Мерсия стояла с открытым ртом.
— Что это? Что им от нее надо? И кто это?
— Секретные службы. А нужна она им, чтобы добраться до меня, — фальцетом сказал Тони с новыми нотками превосходства в голосе. — Они знают, что я рассказал ей о моей работе. Это…
— Заткнись, заткнись! — закричала Мерсия. — Если это правда, и ты расскажешь нам, они и за нами будут следить.
Флирт недоуменно смотрел на Тони:
— Зачем им следить за ней, почему бы сразу не взять тебя?
— Потому что работа еще не кончена. Когда «ВСЕ 1.1» закончит работу, они захотят получить все данные, все секреты. Но я ничем не рискую. Я отсюда уезжаю. — Затем нормальным тоном и чуть громче он добавил: — Вечером лечу на самолете в Америку.
Тони потер пальцем переносицу.
— Не беспокойтесь, — фальцетом пискнул он. — Я ее найду.
* * *
Миранда с трудом сдержала крик, когда ковер развернулся, и из него прямо на нее выкатился крупный мужчина. Его лицо обратилось к ней из темноты с агрессивно-испуганным выражением. Он изверг поток итальянских ругательств, смысл которых был тем страшнее, что совершенно терялся в их ужасающих звуках. Никто не умеет ругаться так, как итальянцы; в конце концов, главный признак культурной зрелости языка — количество имеющихся в нем ругательств.

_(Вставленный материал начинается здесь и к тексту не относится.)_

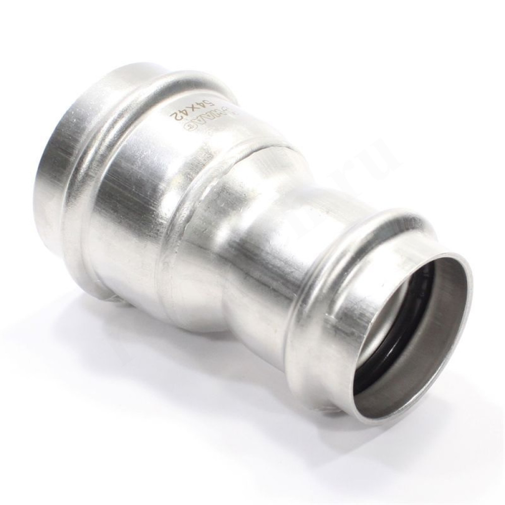 Двухраструбная пресс-муфта из нержавеющей стали предназначена для соединения тонкостенных стальных труб в системах водоснабжения, отопления, других инженерных и технологических установках с рабочей температурой до 120 °С. Номинальное давление – 16 бар.
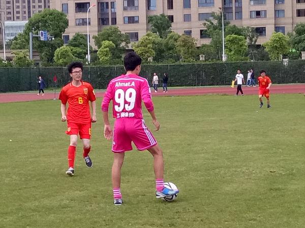 2017年5月3日下午,工商学院VS服务外包学院的男子足球赛在操场激烈进行。参加此次足球赛的有足球运动员们、裁判员以及啦啦队。
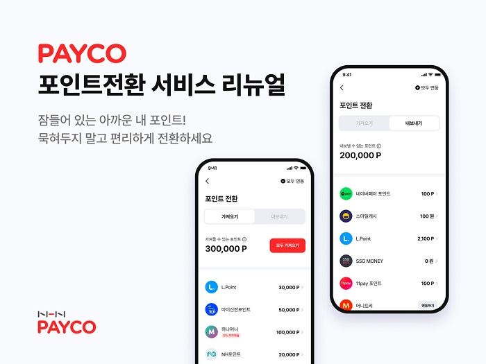 ... 페이코는 포인트 전환 서비스 내 모든 제휴사들을 한번에 연동하고 전환할 수 있는 간편기능을 추가해 편의성을 도모했다. 탭 내 상단의 ‘모두 연동’ 버튼을 누르면 원하는 제휴사들을 한번에 연동할 수 있고 ‘모두 가져오기’ 버튼은 클
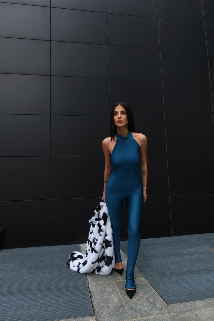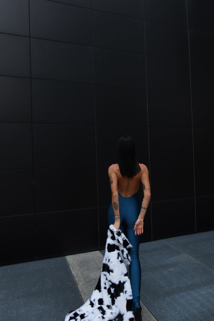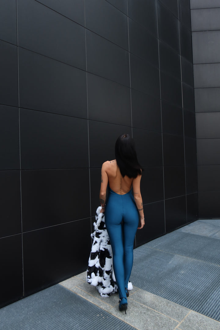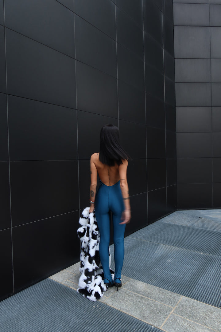 Jump in tessuto aderente ed elasticizzato con piede lungo e scollo sulla schiena. Si adatta dalla XS ad una taglia M/L. Per ref. la modella è una taglia XS ed è alta 1.72.
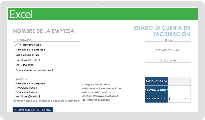 Un estado de cuenta de facturación es útil si recibe pagos regulares bimensuales o mensuales de sus clientes. Utilice esta plantilla de estado de cuenta para hacer un seguimiento de las facturas de los clientes, los detalles de la cuenta y el estado de la facturación, todo en un solo lugar. Además, esta plantilla tiene un aspecto profesional y se puede personalizar para adaptarla a sus necesidades.
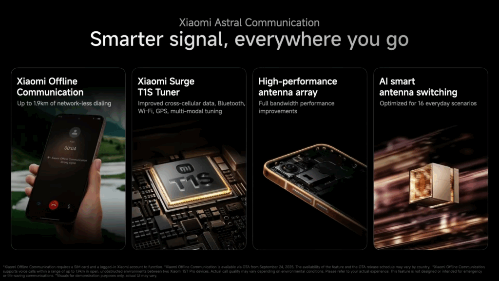 El Xiaomi 15T Pro funciona bajo HyperOS y añade funciones de inteligencia artificial como traducción en tiempo real, wallpapers dinámicos y asistentes de escritura. A nivel de conectividad, ofrece soporte para Wi-Fi 7, Bluetooth 6.0, NFC, infrarrojo y altavoces estéreo con Dolby Atmos. Además, estrena la tecnología Astral Communication, que promete mejorar la señal en todo tipo de escenarios, incluso permitiendo llamadas de voz sin cobertura tradicional en un radio de hasta 1,9 km (disponible mediante actualización OTA).
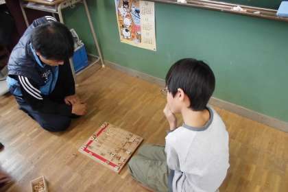 雨の日の20分休みです。 校長先生と将棋をさしています♫
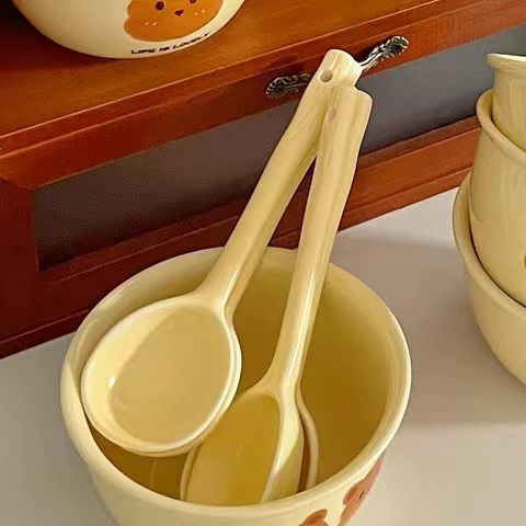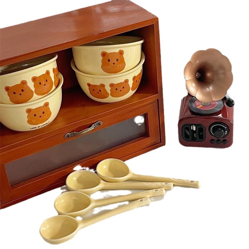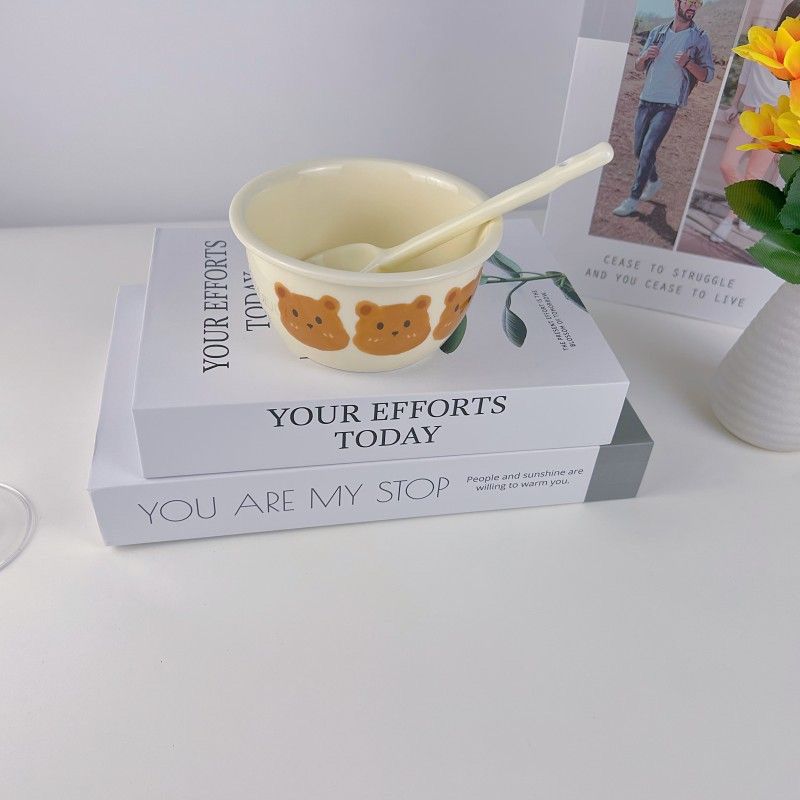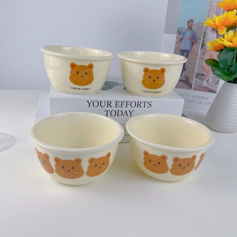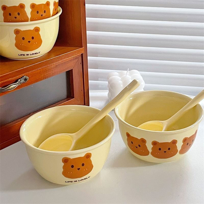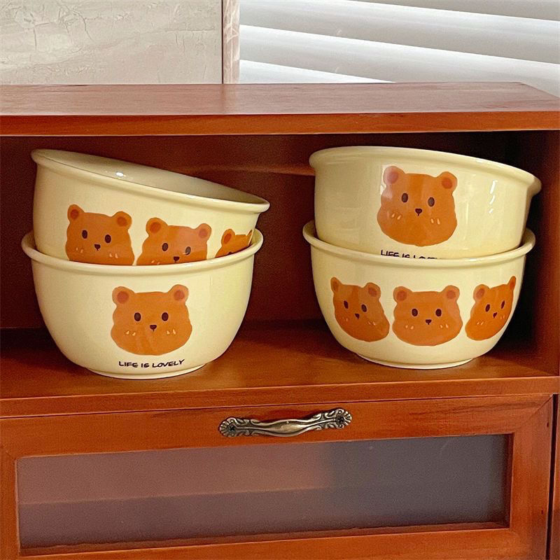 可爱小熊ins奶油陶瓷饭碗4.8英寸卡通家用加厚餐具耐高温

— Простите, scusi, — протянула Миранда.
Мужчина умолк и так близко придвинулся к ней, что она почувствовала исходящее от него амбре винного перегара.
— Синьорина Миранда?
— Гвидо? — воскликнула Миранда.
— О, ты пришла, ты услышала мою серенаду и пришла. Я приплыл сюда за тобой. Ты любовь всей моей жизни. Si? Ты не можешь устоять перед своим Гвидо.
— Что ты здесь делаешь?
— Si. Я буду драться с человеком, который забрал тебя у меня. Я пришел сюда, чтобы драться с ним, но… — Гвидо в явной растерянности почесал затылок и в первый раз оглядел свою скудно освещенную лодку. — Я что, спал? — Глаза его привыкли к темноте, и он увидел, что на Миранде ничего нет, кроме шелковой простыни. — Si, si, да. Ты пришла ко мне. Как во сне. — Гвидо ухватился за простыню и потянул. Миранда опрокинулась на спину и осталась голой лежать на дне гондолы. — Чудесный сон, правда?
Миранда замахнулась правой рукой и влепила Гвидо звонкую, смачную, до ужаса приятную пощечину. От потрясения и боли он вскочил, прорвав головой тент гондолы. И на них обрушился холодный дождь, порывы ветра хлестали обнаженную Миранду и толстого гондольера. Миранда рванула к себе простыню, ухитрившись сбить с ног стоявшего на ней Гвидо, так что он тяжело рухнул на палубу.
— Послушай, Гвидо, — Миранда гордо уселась и заговорила самым своим сдержанным, размеренным, спокойным тоном, тоном школьной учительницы, который сам собой рождался у нее в груди, когда она была напряжена до предела и старалась этого не показывать. — Это не сон, — прозвучало как-то похоже на учительницу, страдающую запором, но выдавливающую свою утреннюю порцию. — Тот человек, с которым я была, Фердинанд, он пытается убить меня. Он был здесь с минуту назад и, надо полагать, еще вернется. Ты можешь управлять этой штукой? — она показала на гондолу, в которой они сидели.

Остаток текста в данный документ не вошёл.